Radio Ceylon and subsequently the Sri Lanka Broadcasting Corporation, the oldest radio station in South Asia, has recorded many programs here from their outside broadcast input in the 1950s and 1960s.

The Galle Face Green was administered and maintained by the Urban Development Authority of Sri Lanka until 2014 when the management was transferred to the Sri Lanka Ports Authority. Since 2016 the park is being maintained by Sri Lanka Port Management and Consultancy Services, a government-owned entity operated under the Ministry of Ports and Shipping.

On 25 December 2016 it hosted the world's tallest artificial Christmas tree.

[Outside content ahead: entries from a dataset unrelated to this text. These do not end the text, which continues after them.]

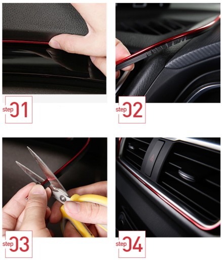 Montaż listwy jest wyjątkowo prosty i intuicyjny, co sprawia, że każdy może samodzielnie dokonać tej zmiany w swoim samochodzie. Wystarczy przyciąć listwę do pożądanej długości, a następnie za pomocą dołączonej szpatułki umocować ją w odpowiednich szczelinach. Listwa jest giętka ale twarda i na zagięciach należy przyciąć czarną część taśmy. W przypadku większych szczelin można użyć taśmy dwustronnej, aby zapewnić dodatkową stabilność.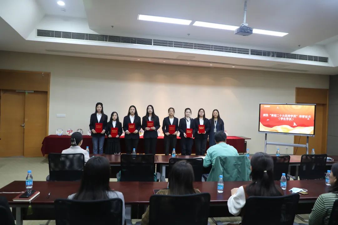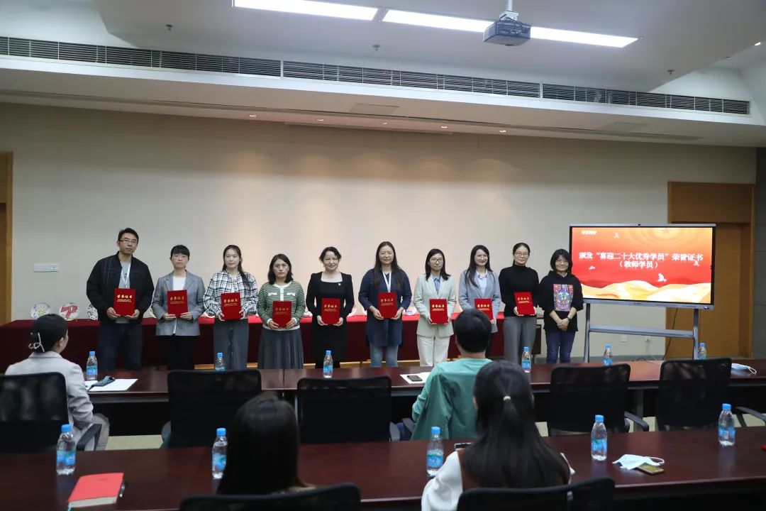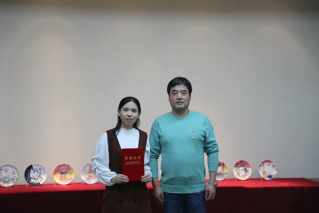 在10月14日的陶艺作品展上,数字艺术学院党支部书记顾安平为学院教师任菲颁发了“喜迎二十大优秀指导教师”荣誉证书;组织委员朱轩樱为学生们颁发了“喜迎二十大优秀学员”荣誉证书;文艺委员朱晓莉为教师们颁发了“喜迎二十大优秀学员”荣誉证书。顾安平表示,2012-2022这十年,是催人奋进的十年。我们惟有不懈奋斗、永不停滞,惟有继往开来、砥砺前行,才能把职业教育事业推向前进,才能创造更加美好的生活。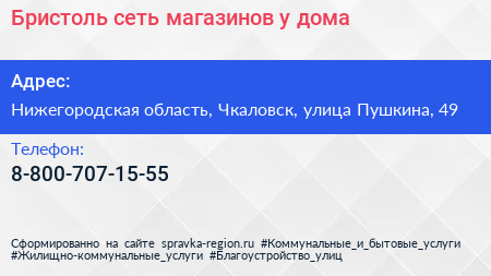 Бристоль, сеть магазинов у дома по адресу Нижегородская область, Чкаловск, улица Пушкина, 49 в дальнейшем Организация, размещена в следующих категориях: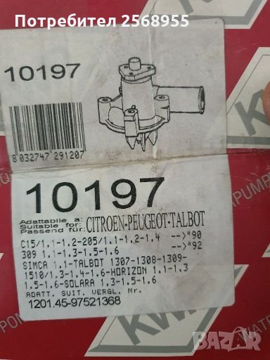 KWP 10197 Водна помпа CITROEN C15 / PEUGEOT 205 206 309 / TALBOT / 1968-2013 / OE 120145 OE 32461Q /, снимка 1 - Части - 28324437 KWP 10197 Водна помпа CITROEN C15 / PEUGEOT 205 206 309 / TALBOT / 1968-2013 / OE 120145 OE 32461Q /, снимка 2 - Части - 28324437 KWP 10197 Водна помпа CITROEN C15 / PEUGEOT 205 206 309 / TALBOT / 1968-2013 / OE 120145 OE 32461Q /, снимка 3 - Части - 28324437 1/3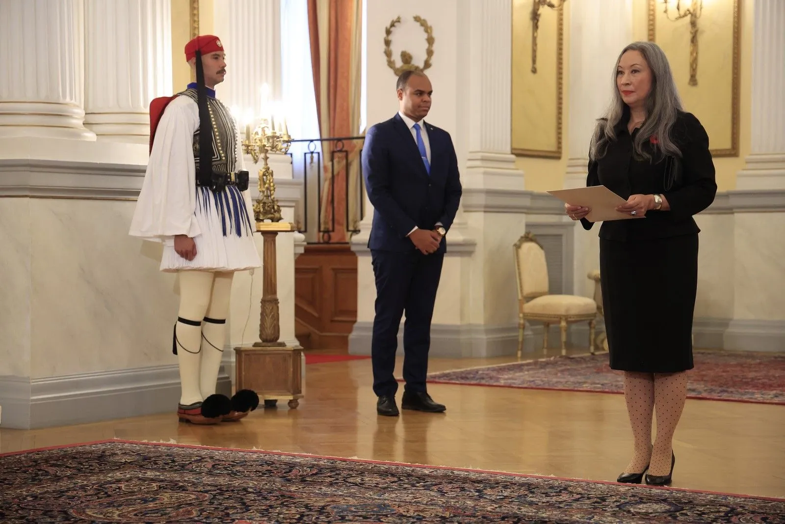 Τα διαπιστευτήριά της στον Πρόεδρο της Δημοκρατίας, Κωνσταντίνο Τασούλα, επέδωσε η νέα πρέσβης των ΗΠΑ, Κίμπερλι Γκίλφοϊλ.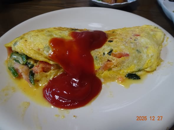 | ・オムレツ ・鰤の照り焼き ・海苔の佃煮 ・ふりかけ ・梅干し |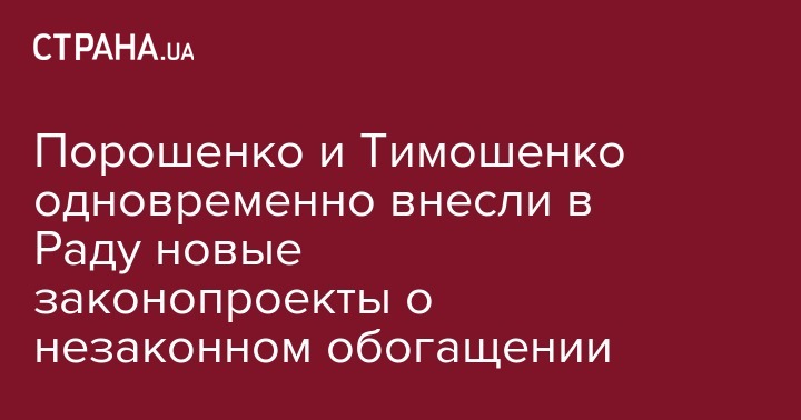 В свою очередь лидер Всеукраинского объединения "Батькивщина" Юлия Тимошенко зарегистрировала аналогичный законопроект, который должен внести изменения в УК, чтобы вернуть ответственность за незаконное обогащение чиновников, передает "Интерфакс-Украина".

== Occupation of Galle Face Green by protestors ==

Galle Face Green was converted into a temporary protest camp by Sri Lankan protestors during 2022 Sri Lankan protests who were demanding President Gotabaya Rajapaksa resign due to the 2019–present Sri Lankan economic crisis. They occupied the Galle Face Green on 9 April 2022 and set up the protest camp. The camp had all the basic requirements including food, water, toilets, medical facilities and included a lending library.

During the Black Monday attacks on protestors, the temporary protest camps in Galle Face Green was attacked by pro-Rajapaksa partisans of Sri Lanka Podujana Peramuna, at least 8 protesters died and 100 protesters were injured.